En 2016, Charlie refait surface. En compagnie d’un nouveau groupe : l’Organ Grinder Swing. Et le style proposé est radicalement différent. Plus question de blues. Que ce soit aux accents empruntés à Chicago ou à la West Coast. Place au jazz. Le manouche. Celui popularisé par Django Reinhardt ; mais en y incorporant de l’orgue. On comprend mieux ainsi le patronyme choisi pour son nouveau combo. En fait l’Organ Grinder Swing se résume à deux musiciens : Lorenzo Farrell à l’orgue Hammond et J. Hansen à la batterie ainsi qu’aux percussions. En fait, Charlie réalise enfin son rêve en enregistrant un disque de jazz. Et il l’a réalisé en compagnie de la section rythmique des Nightcats ; en l’occurrence le bassiste Lorenzo Farrell, pour la circonstance essentiellement préposé aux claviers, et le drummer J Hansen. Influencé par Gene Krupa et Buddy Rich, ce dernier affiche une excellente technique. Le trio s’est enfermé aux studios Greaseland de Kid Andersen, à San José, pour concocter cet LP. Un disque recelant dix reprises et trois titres signés Baty!

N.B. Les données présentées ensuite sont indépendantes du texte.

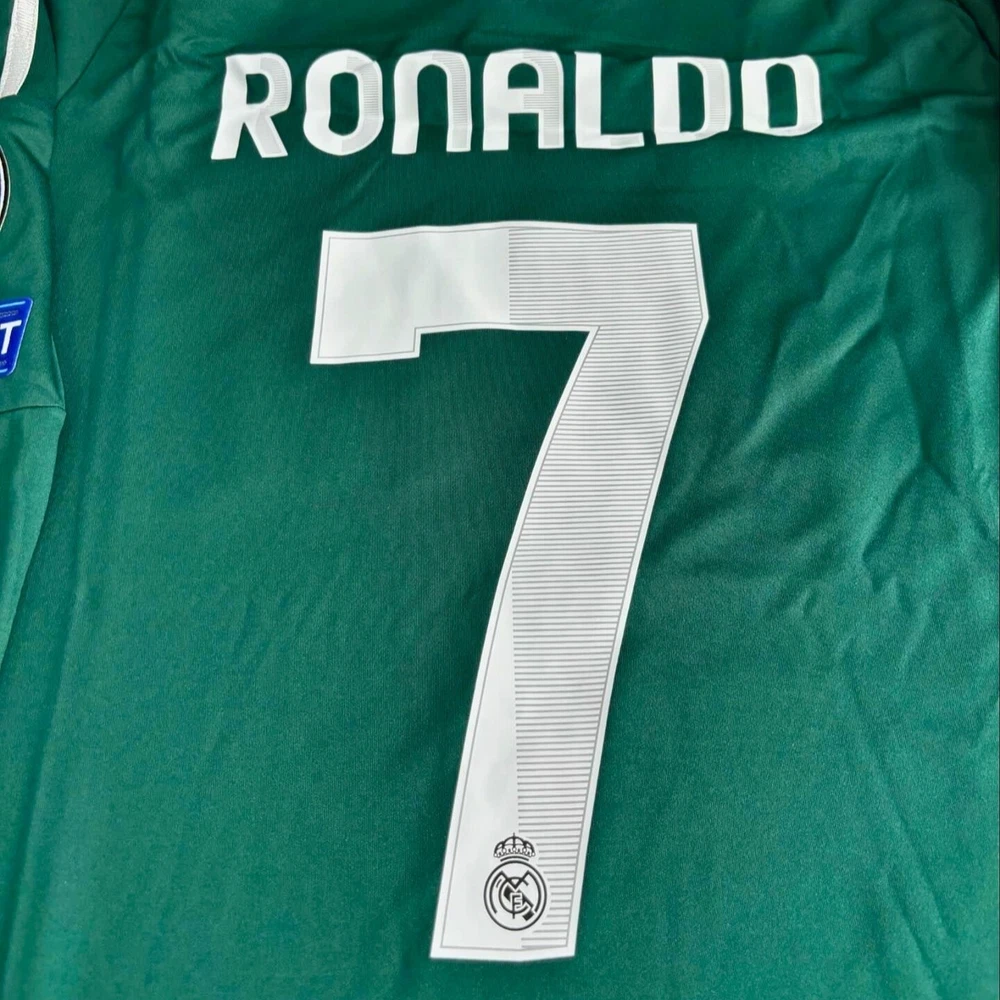 About: Relive a legendary era of football with this stunning 2012-13 third jersey, famously worn during a thrilling season of European competition. This striking ivy green garment features elegant silver accents and a subtle pinstripe design that exudes class and prestige. Designed for comfort and style, the long-sleeved construction provides extra coverage, while the specialized moisture-wicking materials ensure you stay cool whether you’re on the pitch or displaying it in your collection. This piece is a true collector's item, commemorating the club's 110-year anniversary with special internal neck detailing. The jersey comes complete with the iconic number 7 and name of a global superstar, along with prestigious continental tournament patches on the sleeves. Perfect for holiday gifting or adding to a dedicated fan's archive, this classic piece of fan apparel captures the nostalgia of the early 2010s. Bring home a piece of sports history and showcase your passion for the beautiful game with this standout collectible. Details: Condition : Brand new with tags Style : Fan version Football shirt Details : Stitched team crest and logo / Player name and number are pressed Size : Unisex adults - Loose fit Shipping: Free shipping worldwide Processing within 2 business days Get it delivered within 5-10 Business days. Tax free: All taxes are covered, what you see at checkout is the final price you pay. Returns: We got you covered, Simply reach out to us within 30 days of delivery for a smooth solution. Take care of your jersey: Wash: Inside out, cold water (30°C max), and a delicate cycle. Detergent: Mild liquid only; no fabric softener or bleach. Dry: Air dry only on a hanger. Never use a dryer. Iron: Steamer only, or iron inside out on the lowest heat with a towel barrier. Storage: Hang it up to avoid creasing the logos/printing.

C’est d’ailleurs son "Skronky Tonk" qui ouvre la plaque. Charlie étale toute sa technique et surtout son talent dans le registre jazz, alors que Farrell brille sur l’orgue. Manifestement, il a bien assimilé le Memphis Swing de Jimmy Smith et de Booker T. Vieux standard du jazz, "How high the moon" date de 1940. Lionel Hampton, Ella Fitzgerald, Benny Goodman et bien d’autres l’ont interprété. Baty se montre particulièrement à l’aise tout au long de cette version technique et sophistiquée. J Hansen ne l’est pas moins derrière ses fûts. Signé Jacob Bittencourt (NDR : c’est un compositeur brésilien), "Receita de Samba" véhicule les accents exotiques d’une samba. Tout comme "Um a Zero". "Nuages" constitue certainement un des morceaux les plus remarquables de Django Reinhardt. Tout au long de cette cover respectueuse et chargée de feeling, on y retrouve cette douceur naturelle. "Pennies from heaven" est un autre traditionnel issu des années 30. Bing Crosby, Billie Holiday, mais aussi Frank Sinatra, l’avaient inclus dans leur répertoire. Impeccablement adapté, ce morceau de jazz est manifestement contaminé par le blues. Baty s’autorise un nouvel exercice de style sur son "Gerontology". Fondateur du Modern Jazz Quartet, John Lewis était un pianiste de jazz. Cet Américain avait composé "Django", en hommage à son maître. Charlie nous en accorde une lecture lumineuse à la six cordes. Charlie Christian est un autre célèbre guitariste de jazz ; l’un des tous premiers gratteurs à avoir amplifié son instrument. La cover de son "Swing to Bop"est de toute bonne facture. Tout comme "Broadway", un autre classique, qui figurait au répertoire de Count Basie et son orchestre. "Cobalt Blues" constitue certainement la plage la plus blues de l’elpee. Signée Baty, elle permet à Farrell de tirer son épingle du jeu. Et on épinglera encore deux autres reprises ; celle du célèbre "Misty", pour lequel le pianiste Erroll Garner avait décroché un succès, et du "Flyin’ home" de Benny Goodman. Excellent dans le style !

 

Little Charlie

That´s big!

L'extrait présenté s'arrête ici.